:: Supplied material ::

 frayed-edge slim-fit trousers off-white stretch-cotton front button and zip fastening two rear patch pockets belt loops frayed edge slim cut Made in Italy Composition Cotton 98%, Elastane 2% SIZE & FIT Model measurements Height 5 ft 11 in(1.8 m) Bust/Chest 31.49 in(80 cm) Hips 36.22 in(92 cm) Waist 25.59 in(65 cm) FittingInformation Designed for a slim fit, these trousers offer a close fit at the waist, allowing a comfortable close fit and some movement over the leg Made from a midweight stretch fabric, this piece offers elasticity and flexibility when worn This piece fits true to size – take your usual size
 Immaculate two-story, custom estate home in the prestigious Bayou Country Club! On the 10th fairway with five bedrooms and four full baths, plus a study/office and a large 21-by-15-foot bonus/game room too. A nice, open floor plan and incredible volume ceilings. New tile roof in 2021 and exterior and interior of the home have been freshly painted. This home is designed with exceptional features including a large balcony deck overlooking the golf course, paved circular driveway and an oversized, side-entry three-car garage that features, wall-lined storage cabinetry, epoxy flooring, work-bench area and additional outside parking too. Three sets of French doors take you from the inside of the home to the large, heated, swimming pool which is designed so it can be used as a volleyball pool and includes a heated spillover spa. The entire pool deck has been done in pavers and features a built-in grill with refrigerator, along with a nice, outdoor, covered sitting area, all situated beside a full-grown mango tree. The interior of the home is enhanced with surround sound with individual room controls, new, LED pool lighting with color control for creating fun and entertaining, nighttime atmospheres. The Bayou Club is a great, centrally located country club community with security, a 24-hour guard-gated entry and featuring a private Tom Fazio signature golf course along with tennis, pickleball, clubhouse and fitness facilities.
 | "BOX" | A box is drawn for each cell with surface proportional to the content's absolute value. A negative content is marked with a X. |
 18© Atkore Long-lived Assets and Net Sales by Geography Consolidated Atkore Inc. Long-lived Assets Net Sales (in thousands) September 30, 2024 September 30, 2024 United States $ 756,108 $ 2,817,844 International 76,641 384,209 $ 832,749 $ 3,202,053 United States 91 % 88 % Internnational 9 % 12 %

:::
:: Supplied material ::

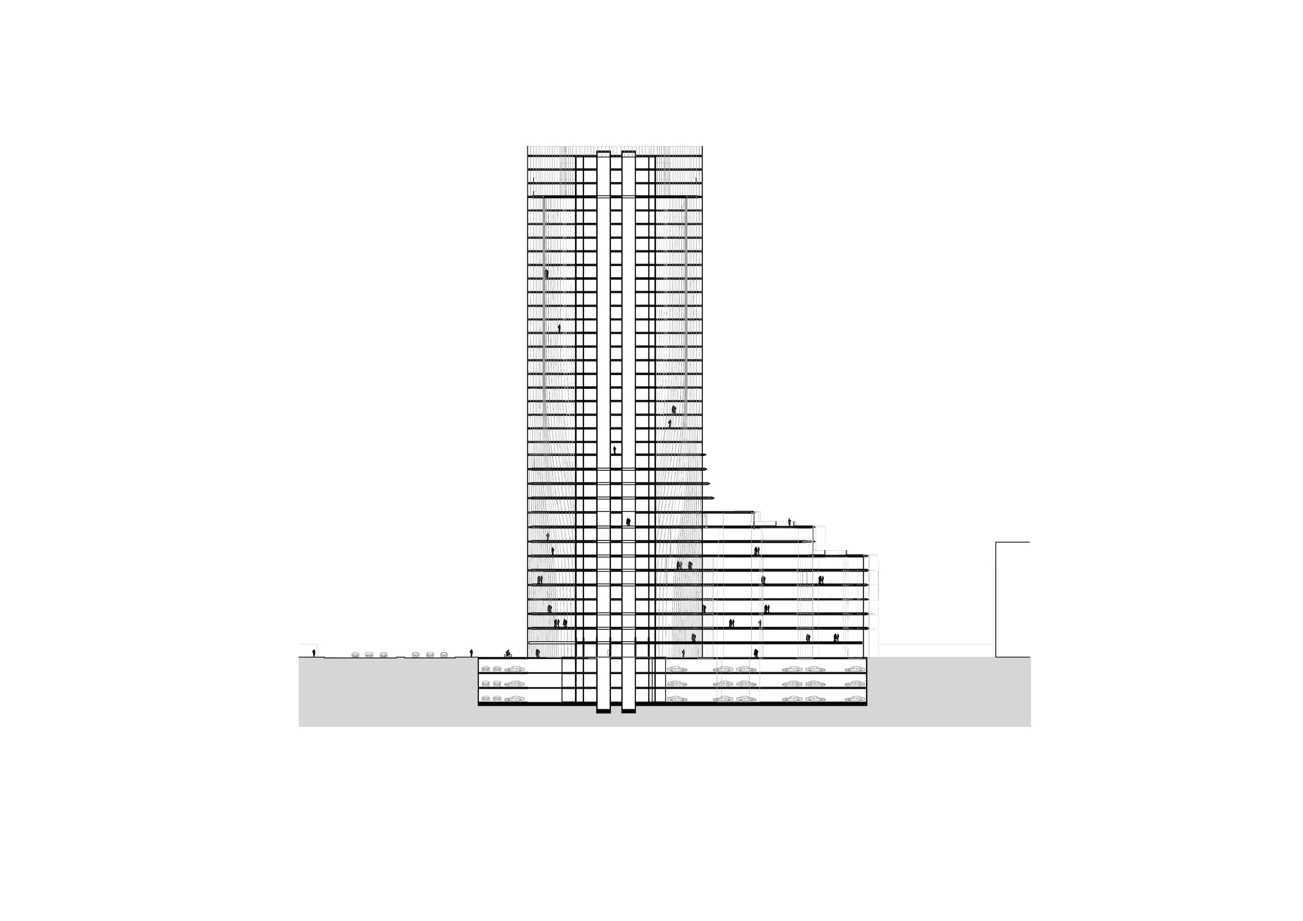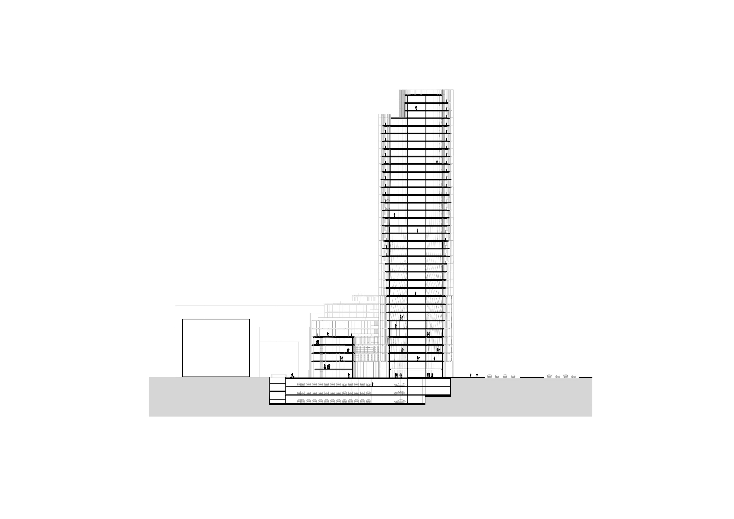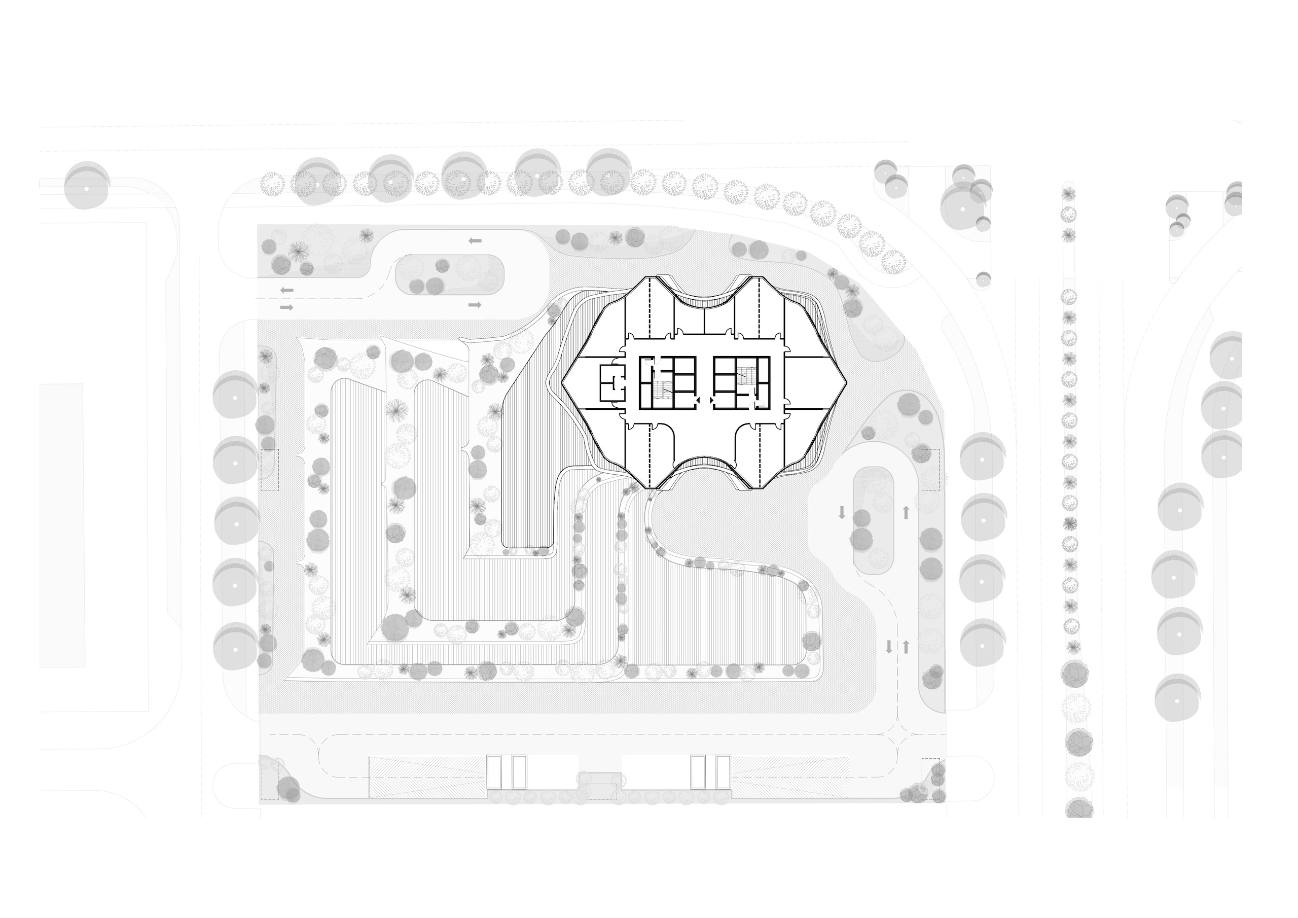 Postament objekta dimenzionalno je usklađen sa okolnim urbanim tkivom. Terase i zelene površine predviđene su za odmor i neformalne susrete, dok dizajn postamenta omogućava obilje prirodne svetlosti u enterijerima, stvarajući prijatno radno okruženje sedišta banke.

:::

Action item:
Please, from the entries above, set down exactly the lines from the one containing "with a X. |" through the one containing "18© Atkore Long-lived", and only those.

Response box:
 | "BOX" | A box is drawn for each cell with surface proportional to the content's absolute value. A negative content is marked with a X. |
 18© Atkore Long-lived Assets and Net Sales by Geography Consolidated Atkore Inc. Long-lived Assets Net Sales (in thousands) September 30, 2024 September 30, 2024 United States $ 756,108 $ 2,817,844 International 76,641 384,209 $ 832,749 $ 3,202,053 United States 91 % 88 % Internnational 9 % 12 %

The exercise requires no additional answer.